For I was in a sort of spasm, though no tears came, and my sobs were more like the gasps of a person being suffocated, than like one in grief.

"If you will only be quiet, I will take you down, after a few hours, when they are all gone to their rooms. Pauline, you'll kill me; don't do so--Pauline, they'll hear you. Try not to do so; that's right--lie down and try to quiet yourself, poor child. I can't bear to go away; but there is Sophie on the stairs."

He had scarcely time to reach the hall before Sophie burst upon him with almost a shriek.

"What is this horrible affair, Richard? What a terrible disgrace and scandal! we never shall get over it. Will it get in the papers, do you think? I am so ill--I have been in such a state since the news came. Such a drive home as this has been! Oh, Richard, tell me all about it quickly. Where is Pauline? how does she bear it?" making for my door.

Richard put out his hand and stopped her. I had sprung up from the bed, and stood, trembling violently, at the further extremity of the room. I do not know what I meant to do if she came in, for I was almost beside myself at that moment.

She was persistent, angry, agitated. How well I knew the curiosity that made her so intent to gain admission to me. It was not so much that I dreaded being a spectacle, as the horror and hatred I felt at being approached by her coldness and hypocrisy, while I was so sore and wounded. I was hardly responsible; I don't think I could have borne the touch of her hand.

But Richard saved me, and sent her away angry. I crept back to the bed, and lay down on it again. I heard the others whispering as they passed through the hall. Mary Leighton was crying; Charlotte was silent. I don't think I heard her voice at all.

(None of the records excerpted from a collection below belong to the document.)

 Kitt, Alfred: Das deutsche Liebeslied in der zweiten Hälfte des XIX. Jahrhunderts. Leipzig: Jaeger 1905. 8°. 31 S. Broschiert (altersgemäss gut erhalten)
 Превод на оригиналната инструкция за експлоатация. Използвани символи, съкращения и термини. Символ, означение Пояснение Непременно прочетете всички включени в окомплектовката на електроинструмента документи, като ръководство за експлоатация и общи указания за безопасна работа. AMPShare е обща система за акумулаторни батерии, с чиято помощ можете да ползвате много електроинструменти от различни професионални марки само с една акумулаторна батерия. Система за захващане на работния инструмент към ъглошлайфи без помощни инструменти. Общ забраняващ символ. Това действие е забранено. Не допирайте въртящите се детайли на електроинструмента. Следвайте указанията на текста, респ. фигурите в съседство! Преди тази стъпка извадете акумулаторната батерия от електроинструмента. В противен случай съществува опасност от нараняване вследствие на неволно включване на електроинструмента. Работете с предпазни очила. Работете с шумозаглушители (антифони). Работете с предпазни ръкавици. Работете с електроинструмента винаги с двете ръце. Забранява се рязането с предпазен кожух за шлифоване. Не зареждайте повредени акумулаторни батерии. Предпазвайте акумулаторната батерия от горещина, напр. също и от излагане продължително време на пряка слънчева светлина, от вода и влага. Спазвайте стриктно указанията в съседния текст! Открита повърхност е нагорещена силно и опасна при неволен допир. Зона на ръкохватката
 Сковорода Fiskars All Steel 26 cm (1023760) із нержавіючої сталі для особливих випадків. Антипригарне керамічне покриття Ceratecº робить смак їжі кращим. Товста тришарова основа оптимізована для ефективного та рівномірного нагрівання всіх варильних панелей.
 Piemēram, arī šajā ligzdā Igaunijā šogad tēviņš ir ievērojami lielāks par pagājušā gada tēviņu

After a long while I heard them go down, and go into the dining-room. They spoke in very subdued tones, and there was only the slightest movement of china and silver, to indicate that a meal was going on. But this seemed to give me a more frantic sense of change than anything else. I flung myself across the bed, and another of those dreadful, tearless spasms seized me. Everything--all life--was going on just the same; even in this very house they were eating and drinking as they ate and drank before--the very people who had talked with him this day; the very table at which he had sat this morning. Oh! they were so heartless and selfish: every one was; life itself was. I did not know where to turn for comfort. I had a feeling of dreading every one, of shrinking away from every one.

"Oh!" I said to myself, "if Richard is with them at the table, I never want to see him again."

But Richard was not with them. In a moment or two he came to the door, only to ask me if I wanted anything, and to say he would come back by-and-by.